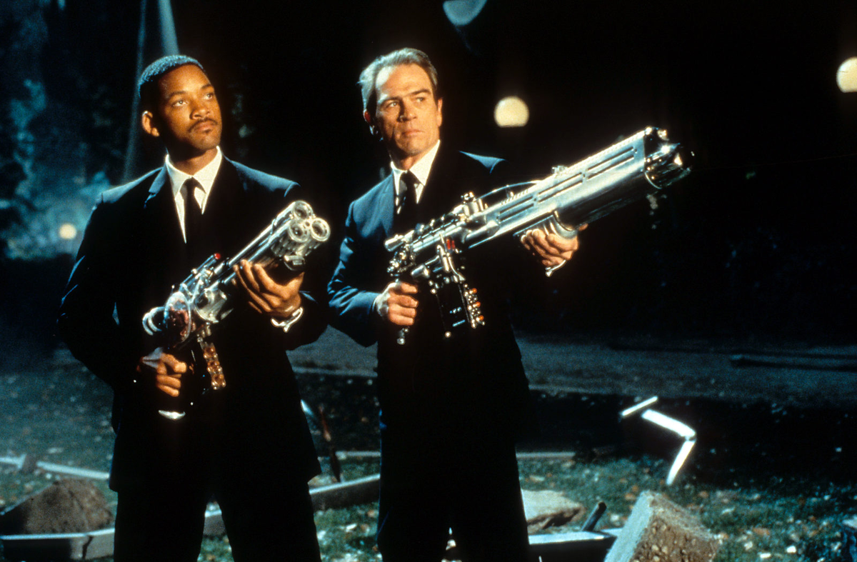 Люди в черном / Men in black. США, 1997. Режиссер Барри Зоненфелд. Актеры: Т. Ли Джонс, У. Смит и др. Эта фантастическая комедия - по праву - один из рекордсменов американского проката 1997 года. Фильм не только принес фантастическую прибыль, но и стал источником дополнительных доходов по продаже темных очков, специальных маек, одеколона и других "сопутствующих" товаров... Казалось бы, сейчас очень трудно придумать что-то новенькое про инопланетян, но, это, как выяснилось, не касается Барри Зоненфелда. Мэтру киноразвлечений удалось с техническим блеском реализовать все сложнейшие превращения "чужих", которых, оказывается, полно на нашей планете, но знают про это только таинственные "люди в черном". Вот их-то и играет в картине замечательный дуэт Томми Ли Джонса и Уила Смита. На мой взгляд, Джонс блестяще повторяет опыт знаменитого комика великого немого Бастера Китона, который в своих безумно смешных комедия никогда не улыбался. А Уил Смит еще раз доказал, что является сегодня самым с
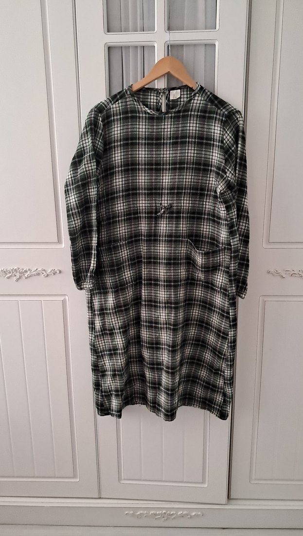 Düğmeli Ekoseli zeytn yeşili gri karşık Uzun Kadın Tunik.
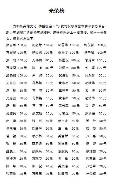 近日,我司工会、平安办积极响应全市开展见义勇为基金公开募捐活动号召,组织开展募捐活动。此次捐款活动,公司领导积极带头、作出表率,广大党员、干部职工踊跃参加,伸出援助之手,献出一份爱心,充分体现了我司干部职工传递温暖,奉献社会的公益之举。公司共募捐人民币4720元,全部转入见义勇为基金会账户。...
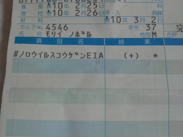 ノロウイルス反応(+)・・・・
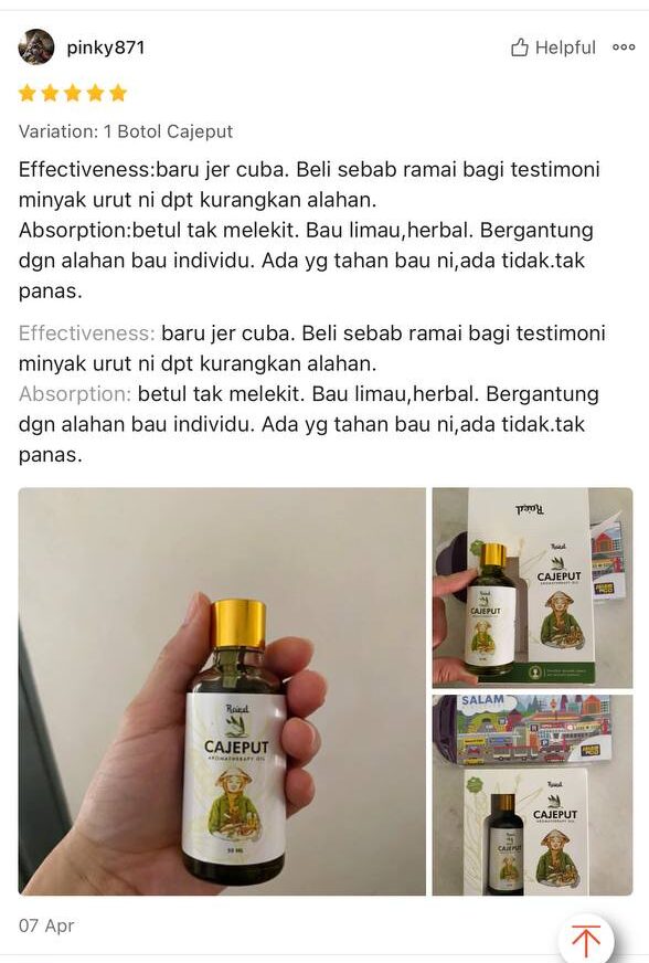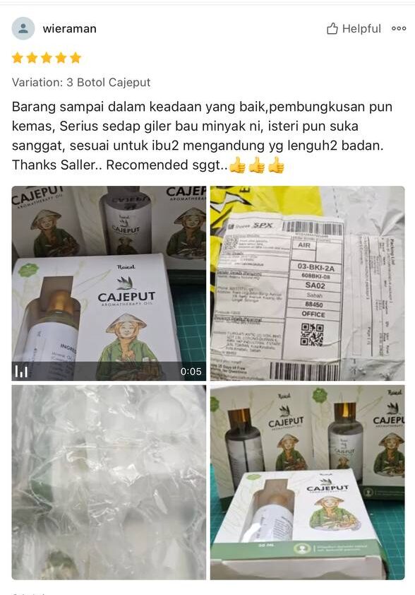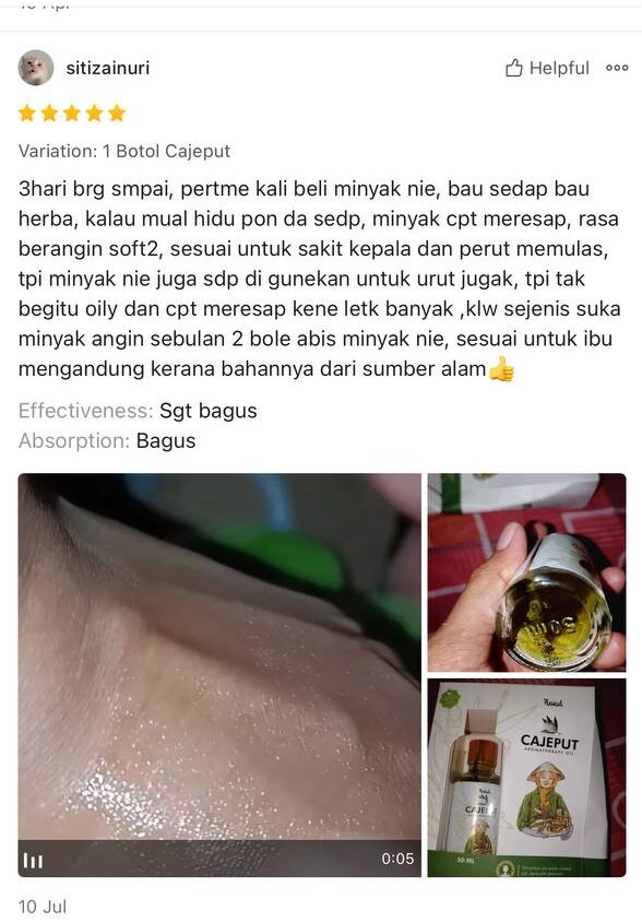 “..Bila mengandung ni bahaya kalau guna minyak angin sebarangan, tapi pinggang badan semua rasa sakit-sakit. Alhamdulillah ada Raed Cajeput Aromatherapy Oil selamat digunakan dan kesan yang pantas untuk baik..”
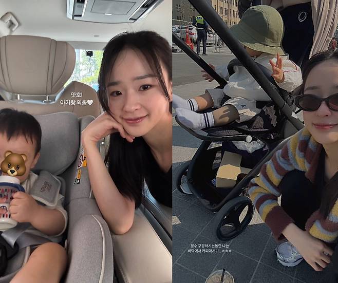 29일 손연재는 개인 채널에 "얏호! 아가랑 외출♥"이라는 문구와 함께 여러 장의 사진과 영상으로 일상을 공유했다. 사진 속 손연재는 카시트에 앉은 아들 옆에서 손으로 턱을 괸 채 밝게 미소 짓고 있다.
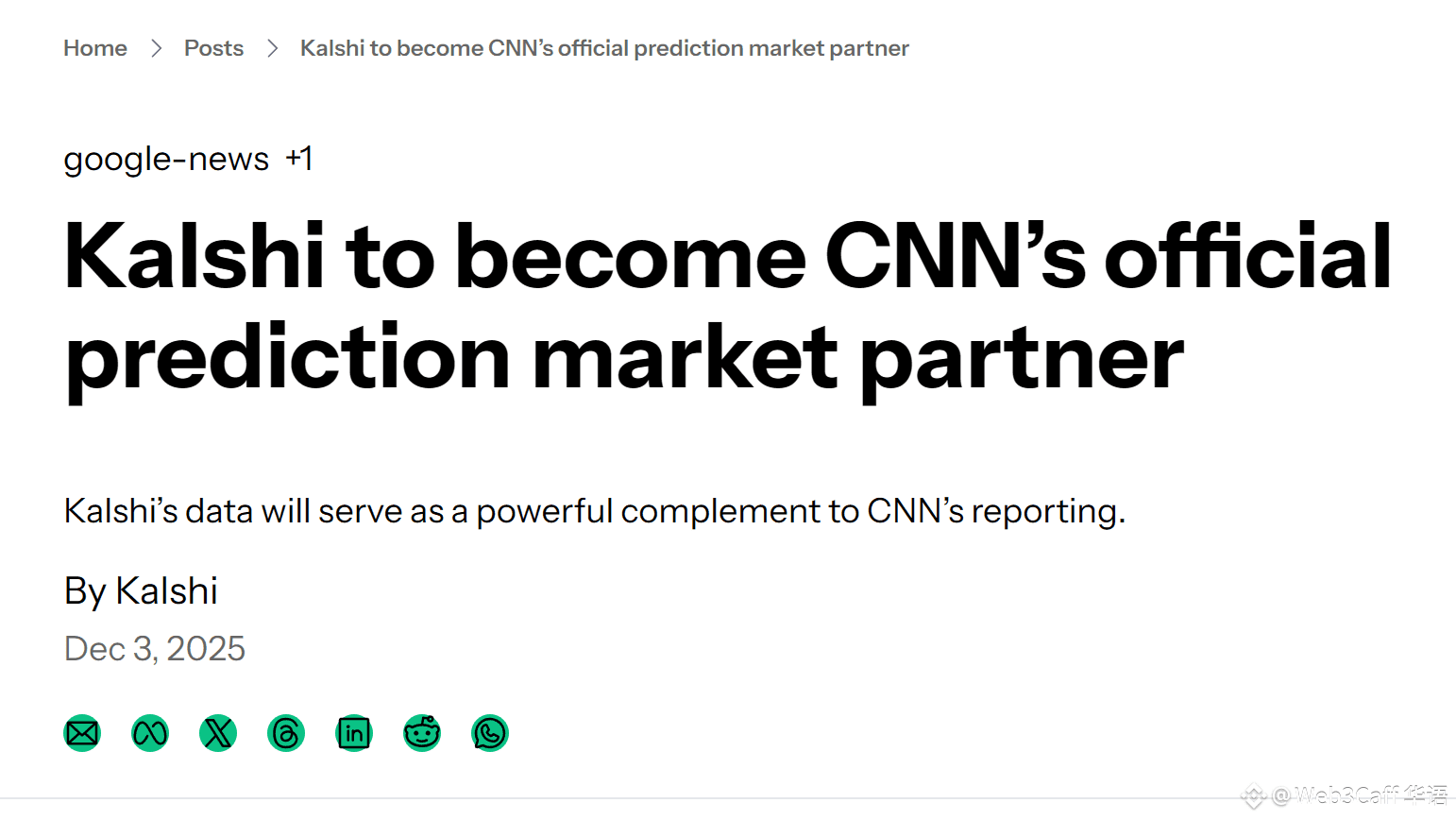 Kalshi 成 CNN 官方预测市场合作伙伴
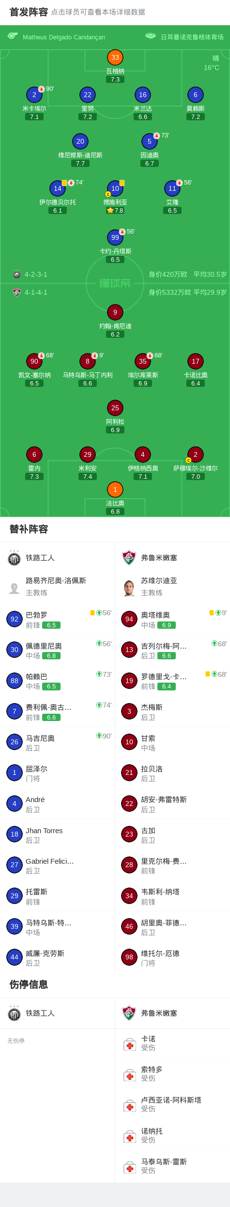 铁路工人0-0弗鲁米嫩塞,秋色平分 足球资讯 发布时间: 2026年4月24日 阅读时间: 少于1 分钟 FacebookXPinterestWhatsApp 铁路工人0-0弗鲁米嫩塞,秋色平分 北京时间4月24日巴西足球杯赛 第五轮首回合,铁路工人对阵弗鲁米嫩塞。最终比分铁路工人 0–0 弗鲁米嫩塞。 点击查看本场比赛详细数据>> 点击查看巴西杯完整积分榜>> 球队阵容 技术统计 FacebookXPinterestWhatsApp 1823100https://1823100.com 红单推荐 014 西甲 贝蒂斯vs皇马 红单推荐 2026年4月24日 005 西甲 巴列卡诺vs西班牙人 红单推荐 2026年4月23日 003 西甲 莱万特vs塞维利亚 红单推荐 2026年4月23日 015 西甲 巴萨vs塞尔塔 红单推荐 2026年4月22日 012 英超 伯恩茅斯vs利兹联 红单推荐 2026年4月22日 热门资讯 约基奇第198次三双!掘金大胜灰熊豪取10连胜 穆雷26+7+5 篮球资讯 2026年4月9日 三人20+!火箭21分逆转太阳7连胜 KD24分阿门22+11+8 篮球资讯 2026年4月8日 萨拉戈萨U19 0-0乌德山U19,双方握手言和 足球资讯 2026年4月12日 002 欧协联 巴列卡诺vs雅典AEK 红单推荐 2026年4月9日 004 欧冠 巴萨vs马竞 红单推荐 2026年4月8日

####

### TASK TO CARRY OUT
The aim is an exact repeat of the entire listing, stripped of pictures.

### OUTPUT FOR THIS EXERCISE
 Люди в черном / Men in black. США, 1997. Режиссер Барри Зоненфелд. Актеры: Т. Ли Джонс, У. Смит и др. Эта фантастическая комедия - по праву - один из рекордсменов американского проката 1997 года. Фильм не только принес фантастическую прибыль, но и стал источником дополнительных доходов по продаже темных очков, специальных маек, одеколона и других "сопутствующих" товаров... Казалось бы, сейчас очень трудно придумать что-то новенькое про инопланетян, но, это, как выяснилось, не касается Барри Зоненфелда. Мэтру киноразвлечений удалось с техническим блеском реализовать все сложнейшие превращения "чужих", которых, оказывается, полно на нашей планете, но знают про это только таинственные "люди в черном". Вот их-то и играет в картине замечательный дуэт Томми Ли Джонса и Уила Смита. На мой взгляд, Джонс блестяще повторяет опыт знаменитого комика великого немого Бастера Китона, который в своих безумно смешных комедия никогда не улыбался. А Уил Смит еще раз доказал, что является сегодня самым с
 Düğmeli Ekoseli zeytn yeşili gri karşık Uzun Kadın Tunik.
 近日,我司工会、平安办积极响应全市开展见义勇为基金公开募捐活动号召,组织开展募捐活动。此次捐款活动,公司领导积极带头、作出表率,广大党员、干部职工踊跃参加,伸出援助之手,献出一份爱心,充分体现了我司干部职工传递温暖,奉献社会的公益之举。公司共募捐人民币4720元,全部转入见义勇为基金会账户。...
 ノロウイルス反応(+)・・・・
 “..Bila mengandung ni bahaya kalau guna minyak angin sebarangan, tapi pinggang badan semua rasa sakit-sakit. Alhamdulillah ada Raed Cajeput Aromatherapy Oil selamat digunakan dan kesan yang pantas untuk baik..”
 29일 손연재는 개인 채널에 "얏호! 아가랑 외출♥"이라는 문구와 함께 여러 장의 사진과 영상으로 일상을 공유했다. 사진 속 손연재는 카시트에 앉은 아들 옆에서 손으로 턱을 괸 채 밝게 미소 짓고 있다.
 Kalshi 成 CNN 官方预测市场合作伙伴
 铁路工人0-0弗鲁米嫩塞,秋色平分 足球资讯 发布时间: 2026年4月24日 阅读时间: 少于1 分钟 FacebookXPinterestWhatsApp 铁路工人0-0弗鲁米嫩塞,秋色平分 北京时间4月24日巴西足球杯赛 第五轮首回合,铁路工人对阵弗鲁米嫩塞。最终比分铁路工人 0–0 弗鲁米嫩塞。 点击查看本场比赛详细数据>> 点击查看巴西杯完整积分榜>> 球队阵容 技术统计 FacebookXPinterestWhatsApp 1823100https://1823100.com 红单推荐 014 西甲 贝蒂斯vs皇马 红单推荐 2026年4月24日 005 西甲 巴列卡诺vs西班牙人 红单推荐 2026年4月23日 003 西甲 莱万特vs塞维利亚 红单推荐 2026年4月23日 015 西甲 巴萨vs塞尔塔 红单推荐 2026年4月22日 012 英超 伯恩茅斯vs利兹联 红单推荐 2026年4月22日 热门资讯 约基奇第198次三双!掘金大胜灰熊豪取10连胜 穆雷26+7+5 篮球资讯 2026年4月9日 三人20+!火箭21分逆转太阳7连胜 KD24分阿门22+11+8 篮球资讯 2026年4月8日 萨拉戈萨U19 0-0乌德山U19,双方握手言和 足球资讯 2026年4月12日 002 欧协联 巴列卡诺vs雅典AEK 红单推荐 2026年4月9日 004 欧冠 巴萨vs马竞 红单推荐 2026年4月8日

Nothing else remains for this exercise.